咱们运用 categorical_crossentropy(分类交叉熵) 作为丢失函数,它用于衡量两个概率散布之间的距离,这儿两个概率散布分别是网络输出的概率散布和标签的实在散布。

model.compile(optimizer='rmsprop',loss='categorical_crossentropy',metrics=['accuracy'])

5、练习模型

咱们预留一部分练习数据作为验证数据。

x_val = x_train[0:1000]
partial_x_train = x_train[1000:]

y_val = one_hot_train_labels[0:1000]
partial_y_train = one_hot_train_labels[1000:]

练习 10 个轮次,每次 512 个批次。

history = model.fit(partial_x_train,partial_y_train,epochs=8,batch_size=512,validation_data=(x_val,y_val))
model.evaluate(x_test,one_hot_test_labels)
Epoch 1/8
16/16 [==============================] - 1s 25ms/step - loss: 2.6197 - accuracy: 0.5256 - val_loss: 1.6998 - val_accuracy: 0.6440
Epoch 2/8
16/16 [==============================] - 0s 17ms/step - loss: 1.4076 - accuracy: 0.7126 - val_loss: 1.2711 - val_accuracy: 0.7120
Epoch 3/8
16/16 [==============================] - 0s 18ms/step - loss: 1.0285 - accuracy: 0.7850 - val_loss: 1.1107 - val_accuracy: 0.7660
Epoch 4/8
16/16 [==============================] - 0s 17ms/step - loss: 0.8039 - accuracy: 0.8354 - val_loss: 1.0131 - val_accuracy: 0.7910
Epoch 5/8
16/16 [==============================] - 0s 18ms/step - loss: 0.6347 - accuracy: 0.8707 - val_loss: 0.9486 - val_accuracy: 0.8000
Epoch 6/8
16/16 [==============================] - 0s 17ms/step - loss: 0.5049 - accuracy: 0.8960 - val_loss: 0.9197 - val_accuracy: 0.8120
Epoch 7/8
16/16 [==============================] - 0s 17ms/step - loss: 0.4071 - accuracy: 0.9162 - val_loss: 0.9000 - val_accuracy: 0.8120
Epoch 8/8
16/16 [==============================] - 0s 15ms/step - loss: 0.3319 - accuracy: 0.9293 - val_loss: 0.9642 - val_accuracy: 0.7950
71/71 [==============================] - 0s 1ms/step - loss: 1.0204 - accuracy: 0.7654
[1.0204036235809326, 0.7653606534004211]

终究在测试集上,我本地得到了 79% 的准确率。比起完全随机的分类器,作用仍是十分不错的。

6、神经网络内部到底在做什么

下面咱们从数据视角看下神经网络内部到底在做什么。

6.1、输入层和躲藏层

输入层和躲藏层的核算逻辑跟之前的 02_IMDB 基本一致。将一个长度为 10000 的数组输入到这一层的每一个神经单元。然后经过这一层的权重值核算后运用 relu 函数核算神经单元的输出。
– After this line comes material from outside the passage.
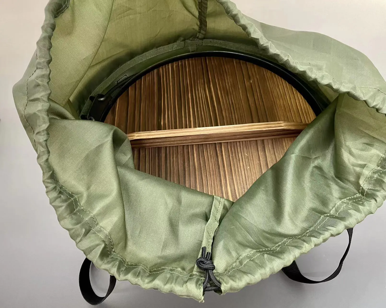 鍋は鉄製で塗装をせず、ハードテンパー加工(表面の焼付け加工)を行う事により、キャンプでの強火使用、焚火の熱に耐える仕様にしました。
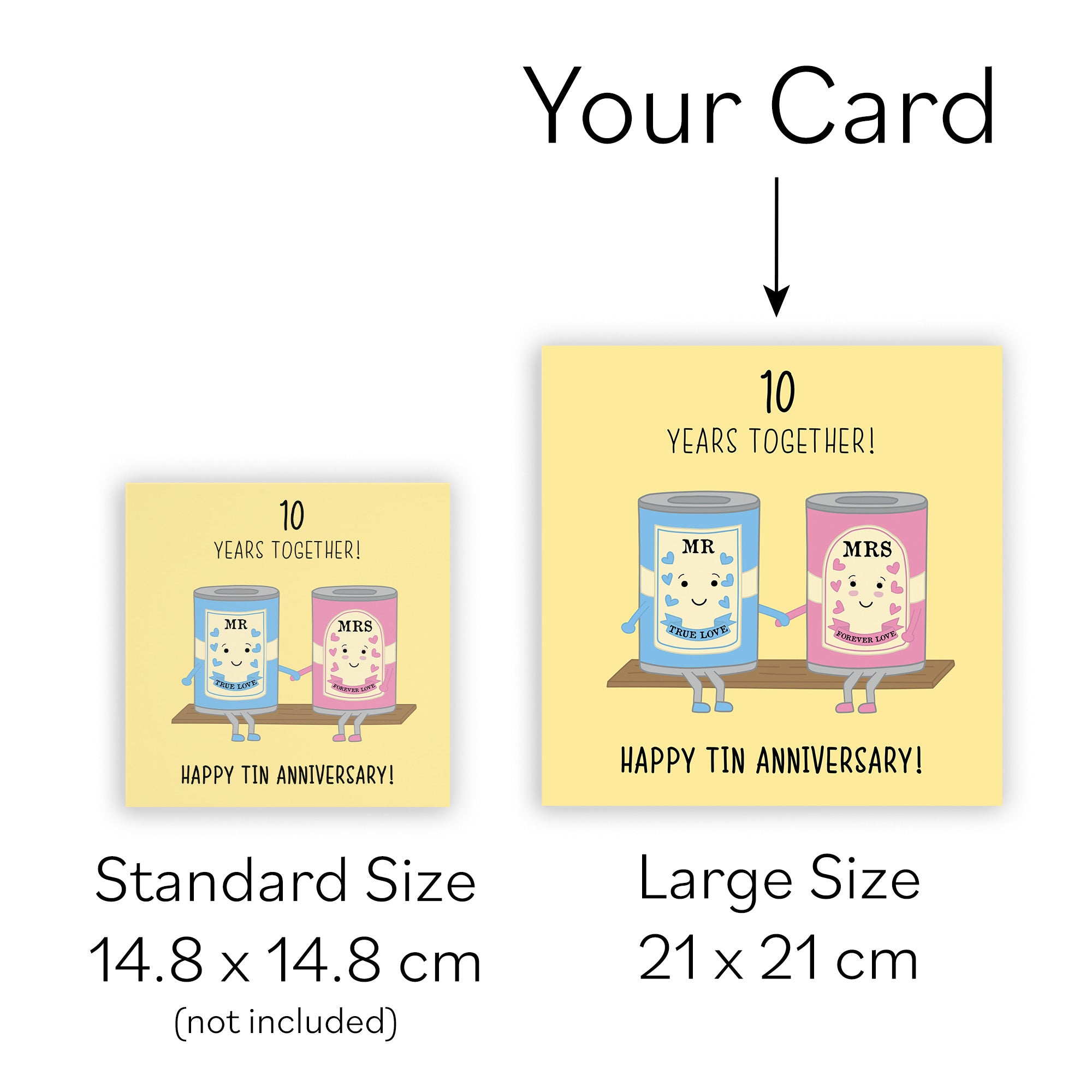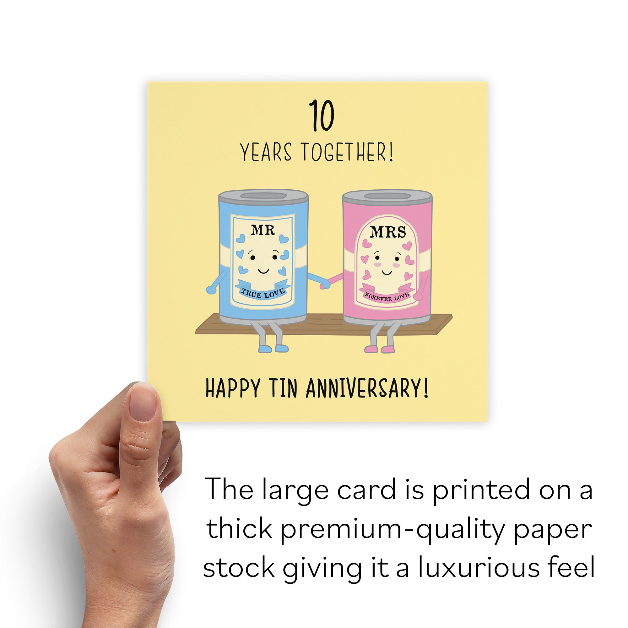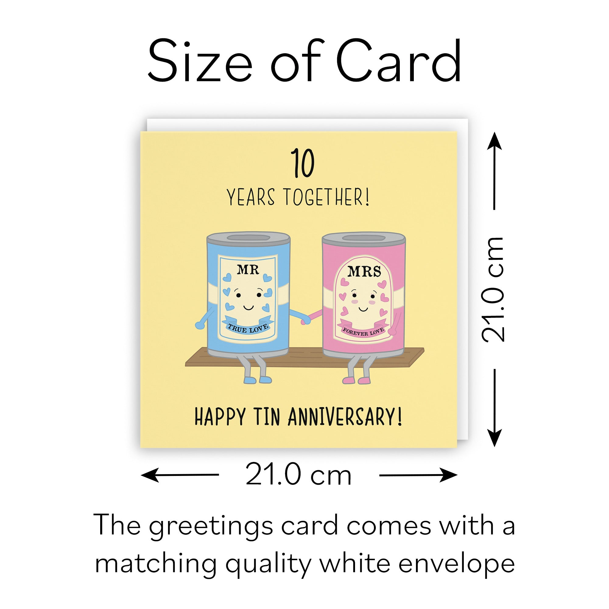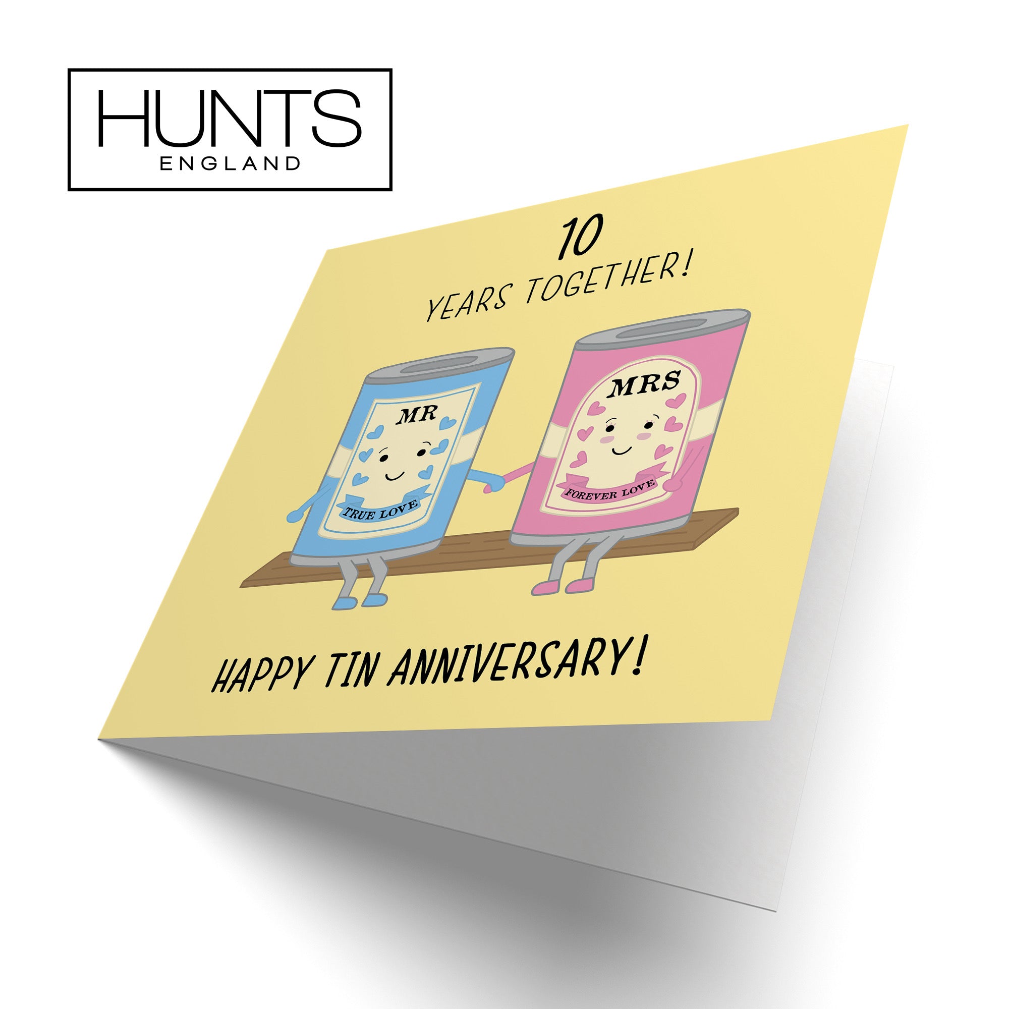 Hunts England - Large 10th Wedding Anniversary Card - Large Size - Tin Anniversary - Iconic - Large - 210 x 210 mm - 10 Years Cute Anniversary Card For Him, Her, Couples, etc..

这儿不在赘述。

6.2 输出层

与 02_IMDB 不同的是,输出层运用的是 softmax 激活函数,由于这是一个多分类问题。

6.3 丢失函数

关于 categorical_crossentropy 丢失函数在 01_IMDB 里已经说的很清楚了,这儿不再赘述。

7、总结

神经网络的层:

  • Dense(密集连接层):可以用来处数值类的数据

激活函数:

  • relu: 一般合作 Dense 运用
  • softmax:用于处理多分类问题,终究输出每个分类的概率
  • sigmoid:用于处理二分类问题,终究输出 0 到 1 之间的概率值

丢失函数:

  • categorical_crossentropy:用于多分类问题
  • binary_crossentropy:用于二分类问题

优化器:

  • rmsprop

经历:

  • 设置神经单元的数量时,一定要超过分类的个数,否则会出现信息瓶颈,在这一层之后的层都无法充分的学习怎么区别品类。